* _TASK DESCRIPTION_
Reproduce only the lines below from the line containing "6 - Get Set for January" to the line containing "North Carolina UDC", exactly as written, with both end lines kept. Omit the pictures.

Collection entries
==*==

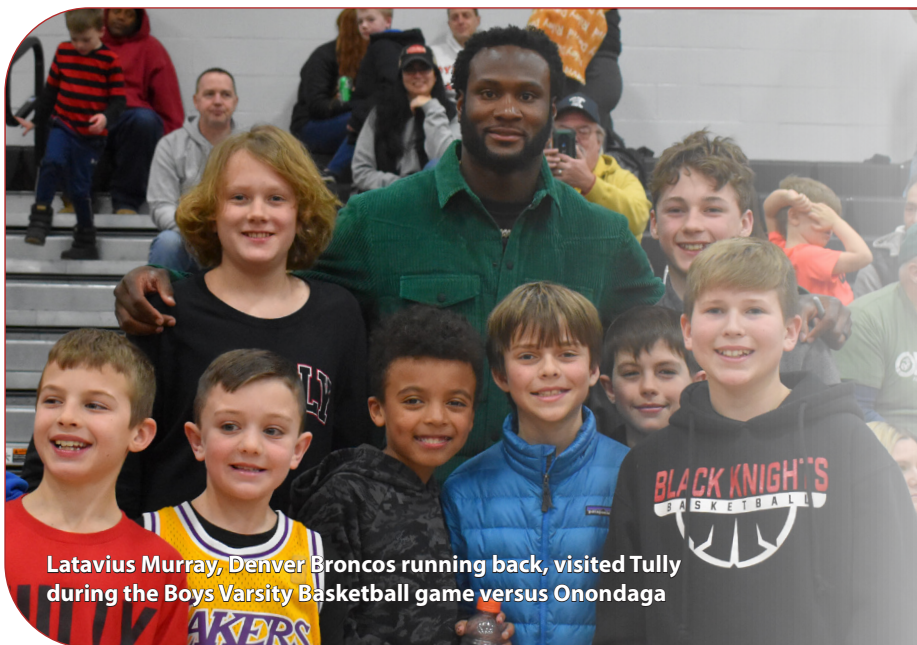
Latavius Murray, Denver Broncos running back, visited Tully during the Boys Varsity Basketball game versus Onondaga
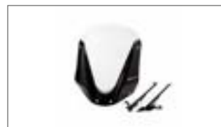
High Screen Tricity BB8-F83J0-20-00
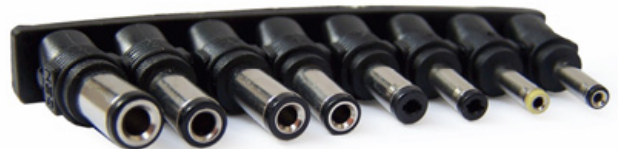
Easily changeable different plug sizes
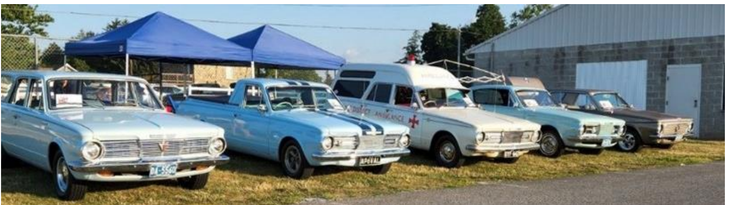
Australian A Bodies in the United States

He would make a good guest speaker who may also get more club members to come to the meeting that night to hear him and maybe see some more photos.
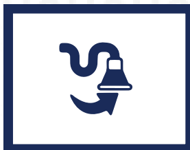
2. Universal Vacuum Port
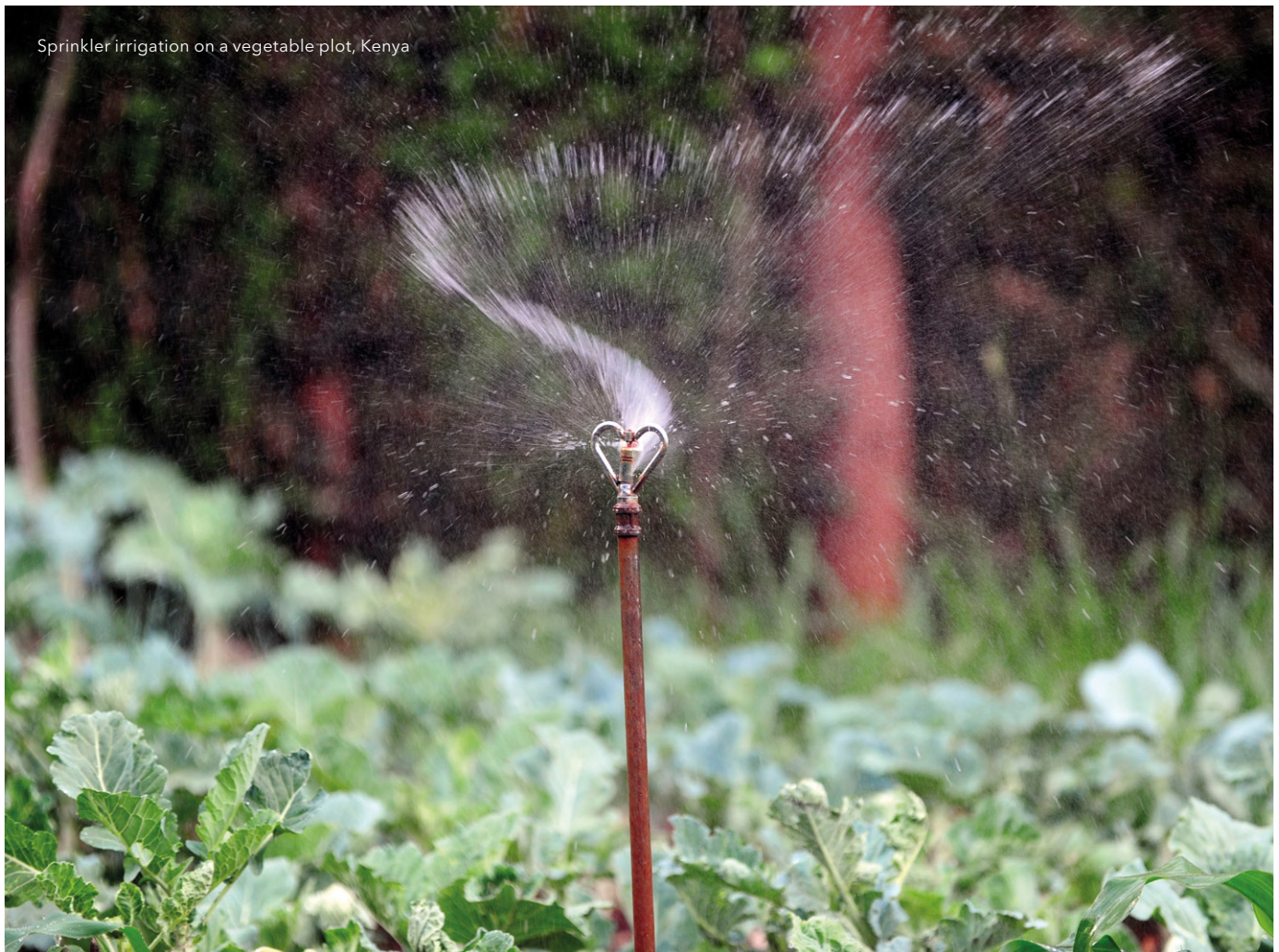
Sprinkler irrigation on a vegetable plot, Kenya
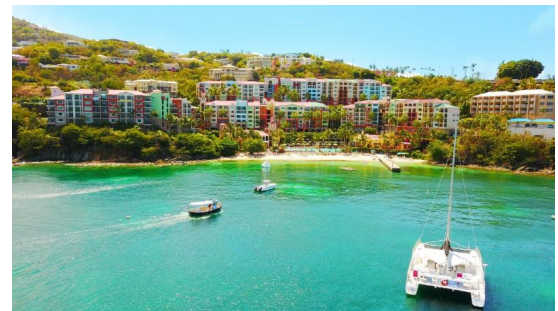
Marriott's Frenchman's Cove

The AACCAA's Board of Directors is sponsoring a raffle to raise money for programs that support Anne Arundel County residents living in poverty.
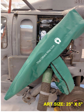
UH60 50 cal. Gun Cover
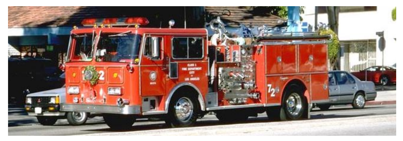
A fire truck races to a fire.
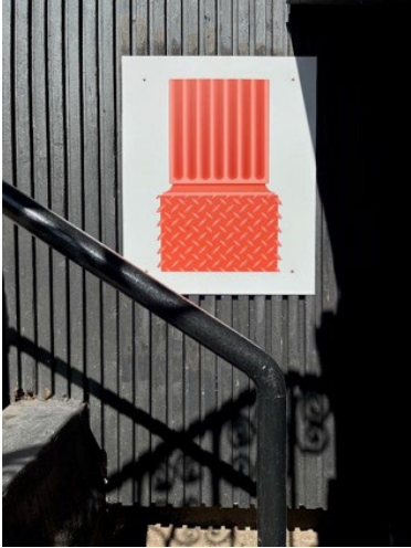
Installation view, Citygroup Bulletin , 2022. Digital photograph. From the 2025 grant to Citygroup for the exhibition series Citygroup Exhibition and Debate Program , 2026
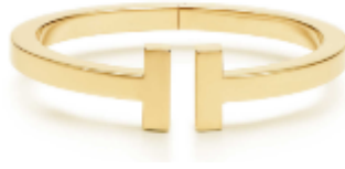
Tiffany T square bracelet in 18k gold, small. $5,200.00
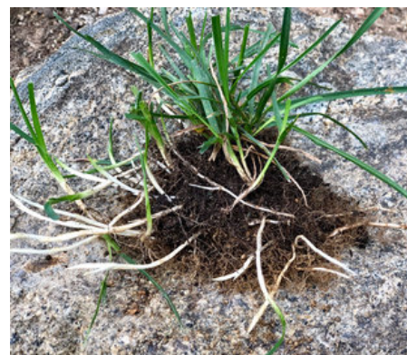
Close-up of live plant with rhizomes leading to new plant.
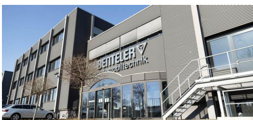
BENTELER is a fourth-generation family business, with headquarters in Paderborn, Germany. In its Automotive Division, this metal process specialist develops, produces and sells safety-relevant products, systems and services for the automotive industry.
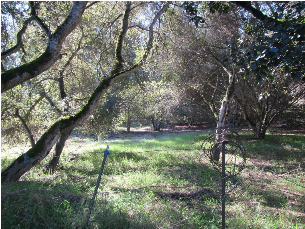
View west over parcel 2851 at upper end of easement
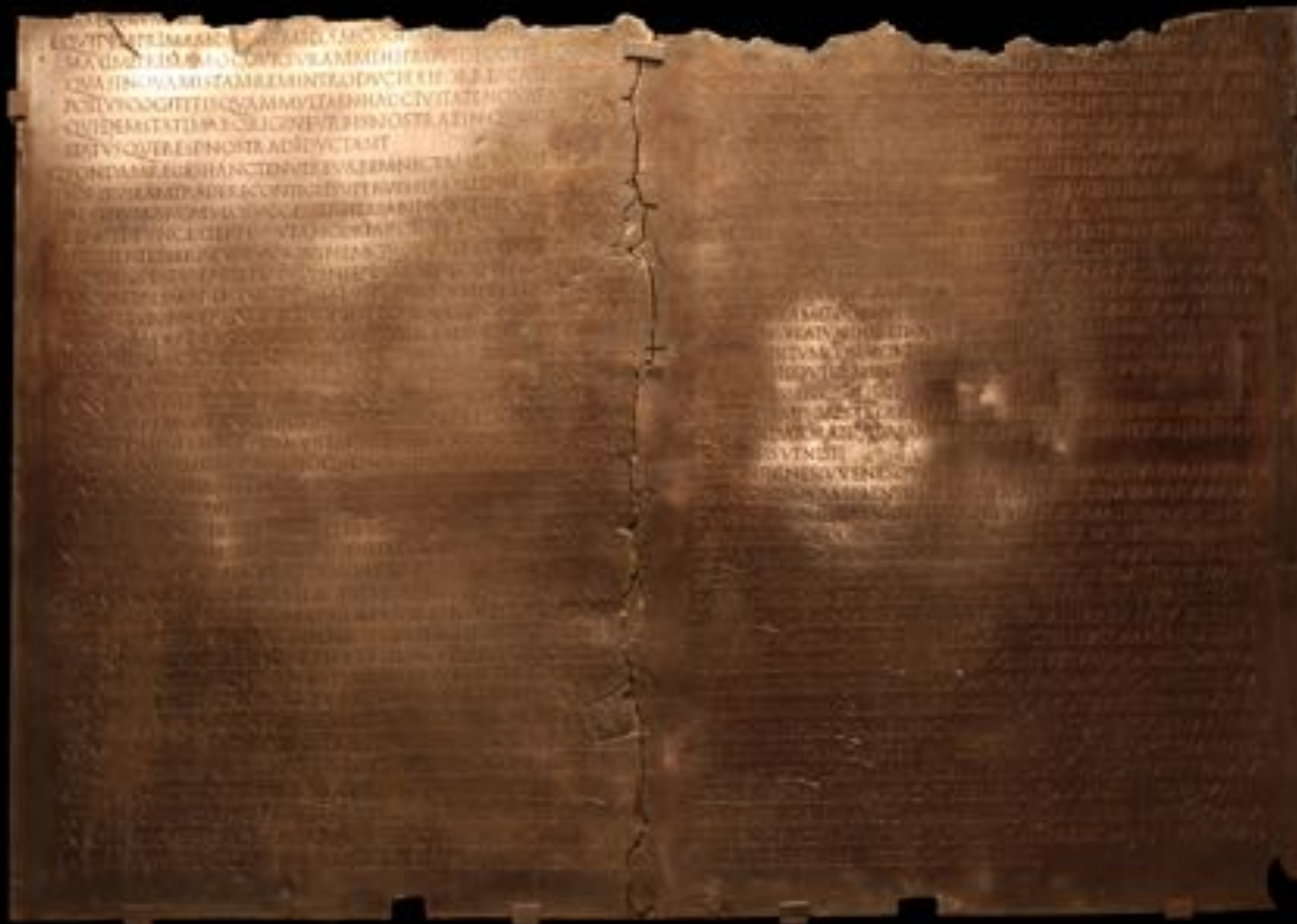
Lyon Tablet, 48
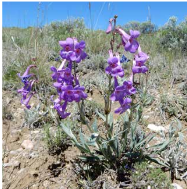
P. secundiflorus North Park (Mike Kintgen)

If spring weather conditions cooperate, Mike Kintgen will open his private garden 35 miles north of Steamboat Springs. Mike will not be able to determine if it will be open until sometime in May when the snow melts. This garden lies at 8,200 feet (2500m) and houses hundreds of species that are adapted to the short growing season.
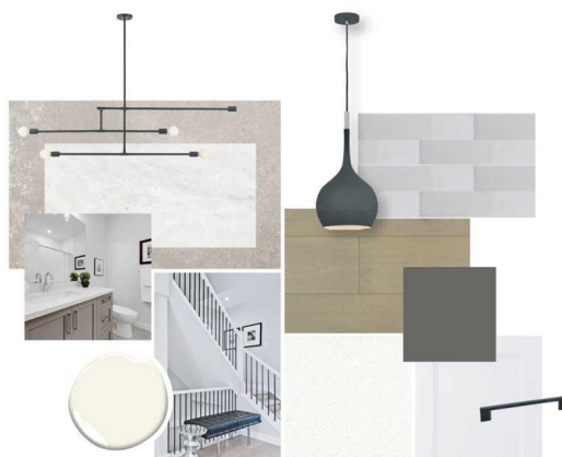
#2B, 3550 45 STREET SW MOOD BOARD - FINISHES & SPECIFICATIONS

*Images are for inspiration purposes only.
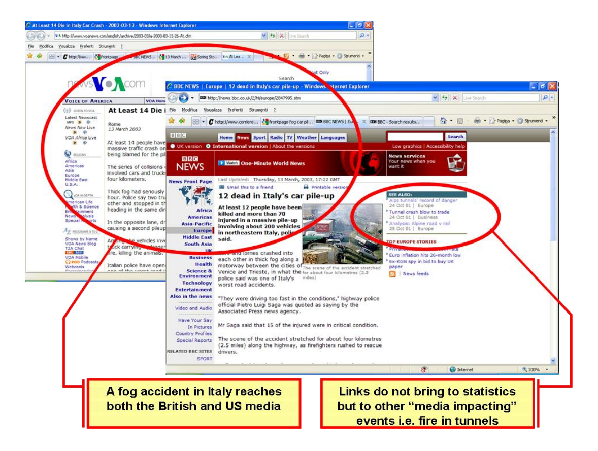
Figure 4. Crashes with car pile-up are events shaking media.
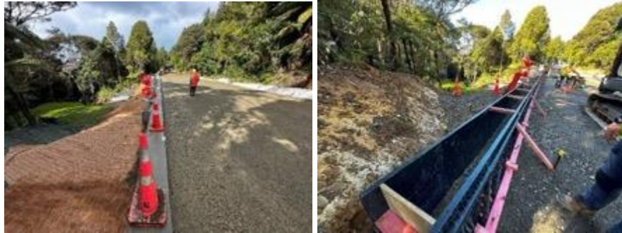
Works progressing, ready to lay the road, matting and seeding complete. The retaining wall is completed with the edge beam being installed in August.
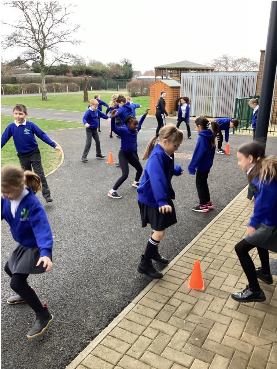
6 - Get Set for January
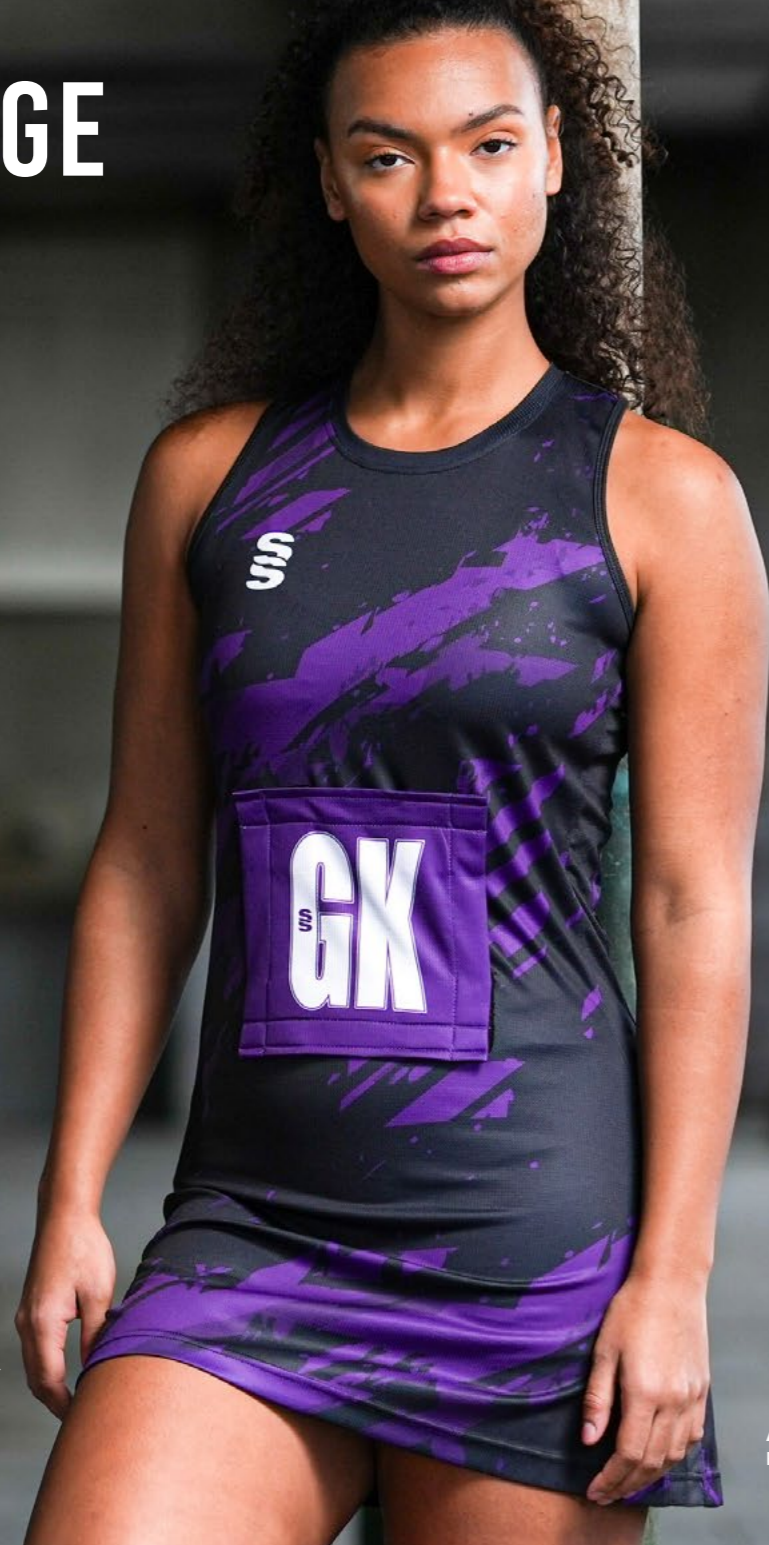
Attack Range Purple/White/Black
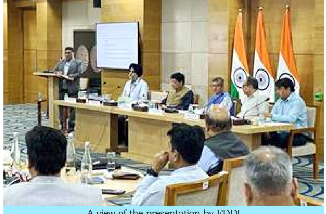
A view of the presentation by FDDI
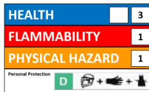
HMIS (Hazardous Material Information System)
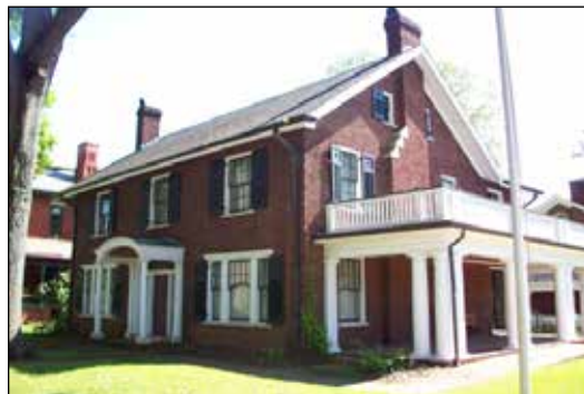
North Carolina UDC Headquarters 302 North Blount Street, Raleigh

Hosted by the Captain James Iredell Waddell Chapter No. 32, Raleigh
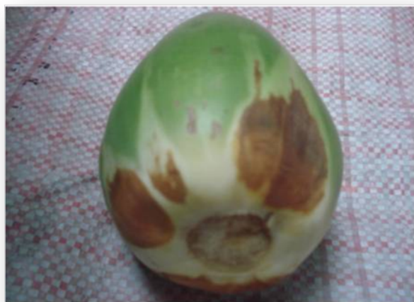
Plate 1. Mite infested tender nut of age about 3 month
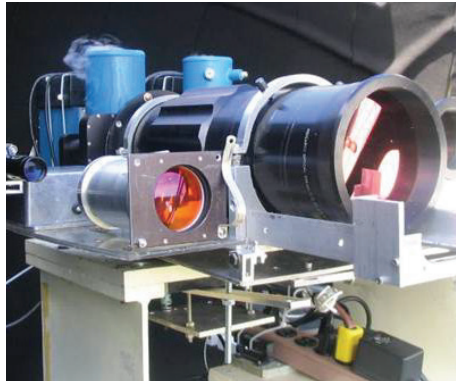
Two Santa Barbara Focalplane infrared cameras were used to collect high-speed imagery (>2,000 fps) of a rocket launch at Kennedy Space Center.

==*==

* _WRITTEN REPLY_
6 - Get Set for January
Attack Range Purple/White/Black
A view of the presentation by FDDI
HMIS (Hazardous Material Information System)
North Carolina UDC Headquarters 302 North Blount Street, Raleigh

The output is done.